“Why would you treat me this way? I thought you cared about me. Everything you said to me was a lie.”
Fingers moving at lightning speed on the key board firing off text after text. Words, words that weren’t nice, that were accusatory and stung were being written and sent in an onslaught of anger. Judgements about why it was happening, what was happening and the facts as interpreted were being slung at a silent partner. All happening in about a five minute time frame; anger, hurt, frustration, victimization and powerless, those were the feelings that were emerging during the rant.
Powerless. Victim. Two words I didn’t think would ever be in my thoughts about me again. And there they were, bright as day! All triggered by one person, me. Although at the time I thought they were because of someone else’s behavior. What I realized as I breathed and started to think about what I wrote was that the tirade was about me, my story, my assumptions, and my interpretation of what was happening. All triggered by my inner critic reminding me that I am not lovable. Repeating those words that were said to me so long ago and have had an indelible impact on my story. I thought this changed, I thought I dealt with this critique, but here it was in my face saying “Nanananana, I’m back!”
This idea of being unlovable comes from a very deep seeded place in my heart and one that I thought I had conquered. Every so often it rears its ugly head and reminds me it may need another level of healing. This box that I have put myself in after so many let downs in my life is one that needs to be destroyed once and for all. It causes rants like this to take over; I become someone else who I don’t like.
We often give away our power, many times unconsciously. To take back that power we need to change our story. My story of being unlovable, which is about self-esteem and self-love, is an old one for me. It is the reason that I had such little faith in God for so long. It is why I, at one time, thought God was punishing me and that was the story I told myself. It took a friend one day to just look at me and say “not my God, He doesn’t punish, He is loving.” I never thought of God as loving when it came to me, I always thought that I betrayed God in some way and so he didn’t love me anymore, just like my husband no longer loved me. I was not lovable.
This story was triggered over the last few months and came to real head this week as I was ignored and therefore felt unloved and uncared for by someone; someone who I cared for very much, although by my ranting nasty text you would never know that. I realize that I haven’t handled this well, I came out of the corner just swinging like a prize fighter with their eyes closed. I am just going to swing with all my might, I will land a few punches and feel better. Certainly not the most mature way to handle and not an evolved way either. I was stuck in a catabolic energy level so low that it was all about blame and who was going to win and who was going to lose.
The universe, once again showed me how it conspires to help you fully surrender and realize what and who you are. I woke up today and did my morning meditation. I have been following the 21 day meditation by Deepak Chopra and Oprah Winfrey about shedding the weight, weight of all burdens not just physical. I missed a morning so I was on day 18 instead of 19. This day’s meditation was about taking back your power. As I listened to Deepak, I realized that I had once again given away my power to the belief that I am unlovable, which I thought I had conquered. This box is one I needed to release myself from and recognize that how someone is treating me is about them not me. I need to reject the cultural forces of winner/loser, lovable/unlovable, givers/takers and get rid of this box I have allowed myself to slip into yet again. This gives me the opportunity to write a new story, to shape the story I truly believe is me and not the one that I have been led to believe about me.
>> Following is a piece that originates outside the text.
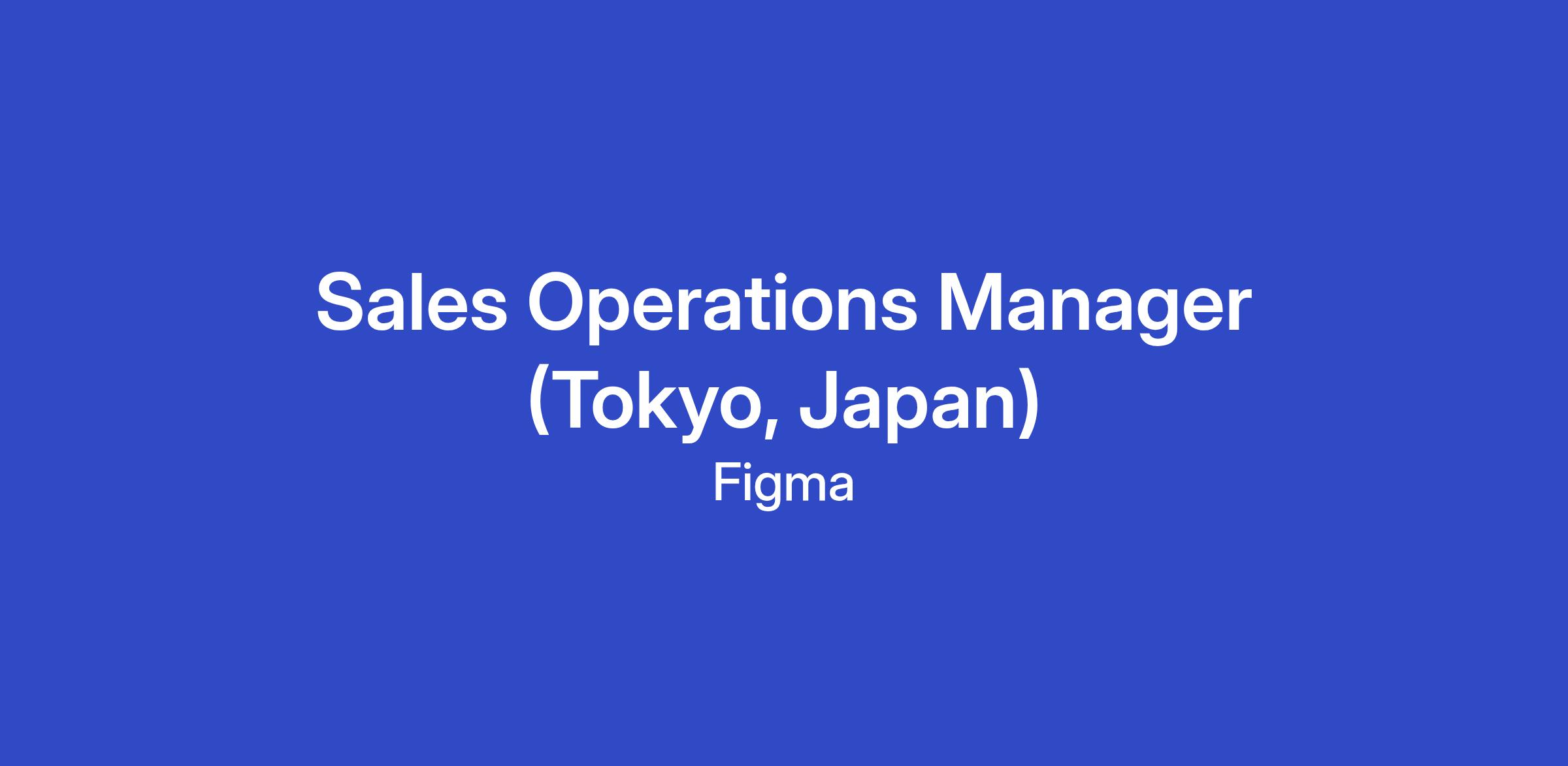 We are seeking an experienced Sales Operations Manager to partner with our Japan Sales team across all subregions and segments. In this role, you will serve as a business partner on the Regional Sales Operations team, playing a critical role in helping Figma Sales scale revenue across both our self-service and assisted sales motions.

I need to choose who I want to be and be her. I cannot let the outside forces, the societal forces that I dislike so much to influence my belief about me. Those forces, you must be in a relationship to be validated as a woman and person, is a limiting belief that I have struggled with for a long time. Not being in a relationship does not make me unlovable. That belief needs to be let go of and replaced by one of faith.
Faith in me, faith in God and the universe and faith that the love I give will be given back to me. I am sorry for the rant that I placed on the back of someone I love, I am sorry for the fear that I allowed to live in my heart about being lovable.
Today, I start to take my power back. Today I recognize that this is my inner critic getting the best of me and I must change the story.
It is time for a new story, once and for all.